Thus, on payment to the player under the
negotiated agreement, a percentage becomes due and payable by the
player to the agent.
[13]
Regulation 13 of the SARU regulations is
important in the context of the rights of third parties such as the
appellant this player/agent
space.
[14]
In terms of regulation 13 (and subject to
provisos which are not of direct relevance in this case) only a SARU
accredited agent
is entitled to perform the function of an agent. The
rugby bodies in South Africa, which are all subject to the
regulations, are
prohibited from contracting with a player other than
through this method. Any foreign agent who wishes to enter into
negotiations
in South Africa for a player can only do so through an
agent accredited by SARU.
[15]
Simply put, only licenced agents can
represent players and they have to be natural persons.
[16]
It appears to be accepted that an agent is
not entitled to dispose of his rights under the player/agent
agreement to a third party
or assign his responsibilities thereunder.
[17]
It seems however that there are attempts by
corporate entities to participate commercially in this industry on
the basis that they
derive payment of the amounts due under the
player/agent agreement. The employment contracts in issue are
an example of such
attempts.
[18]
The respondents wished to secure regular
monthly employment with the appellant on the basis that the appellant
received the fees
from player/agent agreements concluded between
players and the respondents and the respondents were paid a salary.
[19]
On the basis that the respondents could not
lawfully cede their rights to the appellant, contractual terms were
formulated which
sought to fashion a legal basis for the receipt by
the appellant of the payments owing to the respondents. This
led to the
inclusion of clause 8.2 in the employment contracts. The
clause reads as follows:
“
8.2
Collection of commission on agency
contracts
8.2.1
The Employee hereby appoints the Company to
collect on its behalf, any commission which may be payable to the
Employee in terms
of any contract of agency concluded with a player.
8.2.2
The Employee hereby waives any right to
claim the payment of any such commission from the Company.”
The relief as it
evolved
[20]
The notice of motion is framed on the basis
that declarations are sought that the appellant is entitled to
payment of all monies
under the player/agent agreements and that the
respondents have the obligation to pay these amounts to the
appellant.
[21]
The dispute is framed as follows in the
founding affidavit:
“
As
I will expand on below, there is currently a dispute between the
appellant and the agent respondents concerning the appellant's
entitlement to continued receipt from the respondents of agreed
commission payments.

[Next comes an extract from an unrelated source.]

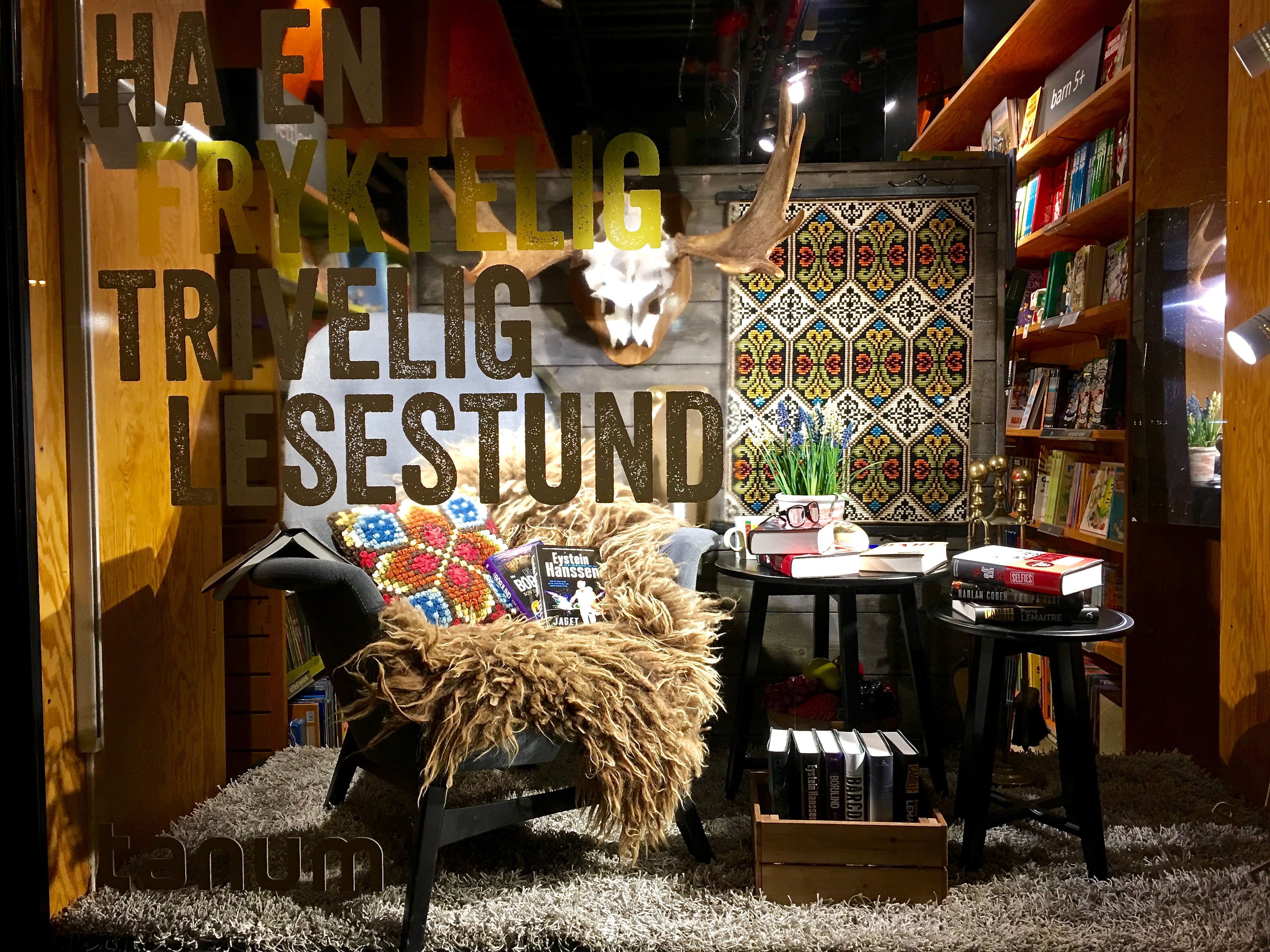 Tanum Bookstore’s window says, “Ha en fryktelig trivelig lesestund” (Have a horribly pleasant reading time.) So to explain the theme, Norwegians typically hole up in their hyttes (mountain huts) over the holiday to read their crime novels. All three Tanum windows show what you can typically expect of a hytte’s interior: wood-paneled walls, lotsa needlepoint and woven wall hangings, a roaring fire, sheepskin pelts, candlelight, moose antlers, paintings of pastoral Norway, and Danish modern furniture. All the elements of “hyggelig” or “koselig” — that much-desired quality of hominess that transcends the meaning of “cozy.”

That dispute is one as contemplated in
section
21(1)(c)
of the
Superior Courts Act, No 10 of 2013
which, I
respectfully state, entitles the appellant to the declaratory relief
sought in the notice of motion to which this affidavit
is annexed.
The appellant has already
accrued an entitlement to payment from the agent respondents of
certain vested commissions. That entitlement
sustains appellant’s
claims for money judgements.’’
[22]
The appellant goes further and contends
that the respondents are obliged to pay, alternatively ensure payment
of the commissions
which “vested” in the respondents
whilst they were employed by the appellant.
[23]
The appellant however purported to rely for
this relief on the express terms of clause 8.2. In terms
thereof the appellant
can collect the payments due to the respondents
and the respondent has no claim to get these payments back.
[24]
It is important that the express terms of
the clause place no obligation on the respondents in relation to
payment of the amounts
which flow from the player/agent agreements.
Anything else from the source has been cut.